- [Task material]
------------------------------------------------------------------------
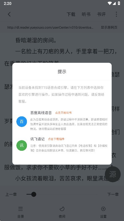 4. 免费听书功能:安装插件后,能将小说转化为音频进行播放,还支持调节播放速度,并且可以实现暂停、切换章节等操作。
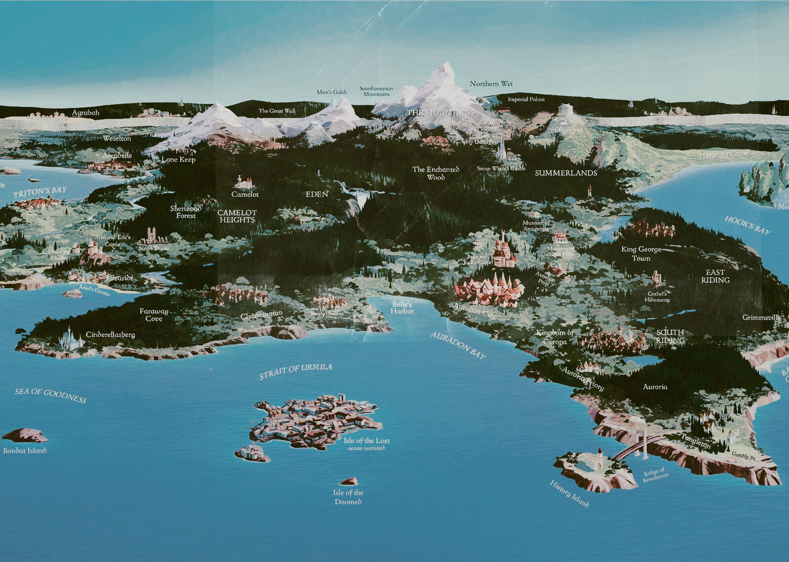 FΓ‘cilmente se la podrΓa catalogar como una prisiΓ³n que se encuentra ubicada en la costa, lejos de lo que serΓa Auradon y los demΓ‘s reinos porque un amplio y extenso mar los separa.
------------------------------------------------------------------------
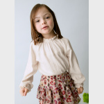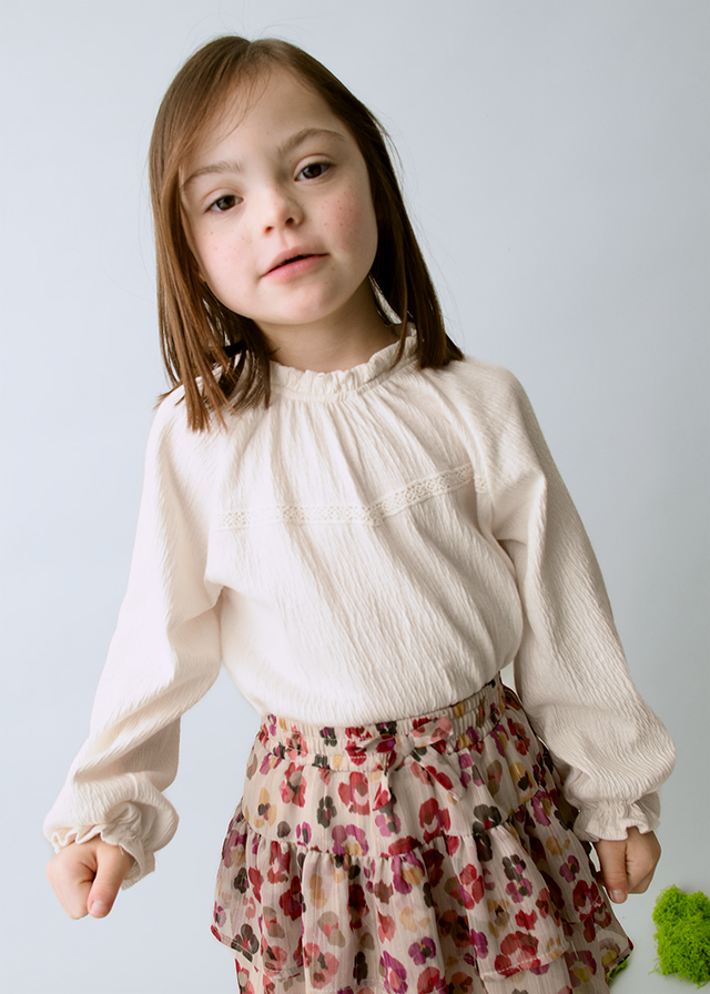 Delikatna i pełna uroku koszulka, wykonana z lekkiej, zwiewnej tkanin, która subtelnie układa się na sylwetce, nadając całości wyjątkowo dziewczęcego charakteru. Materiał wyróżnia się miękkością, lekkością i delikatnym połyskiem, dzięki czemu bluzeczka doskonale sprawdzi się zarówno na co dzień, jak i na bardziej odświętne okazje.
------------------------------------------------------------------------
- [Exercise] Although pictures appear among the records above, write out exactly only the lines from the one that has "4. 免费听书功能:安装插件" through the one that has "FΓ‘cilmente se la", and leave the pictures out.

- [Result of the task]
 4. 免费听书功能:安装插件后,能将小说转化为音频进行播放,还支持调节播放速度,并且可以实现暂停、切换章节等操作。
 FΓ‘cilmente se la podrΓa catalogar como una prisiΓ³n que se encuentra ubicada en la costa, lejos de lo que serΓa Auradon y los demΓ‘s reinos porque un amplio y extenso mar los separa.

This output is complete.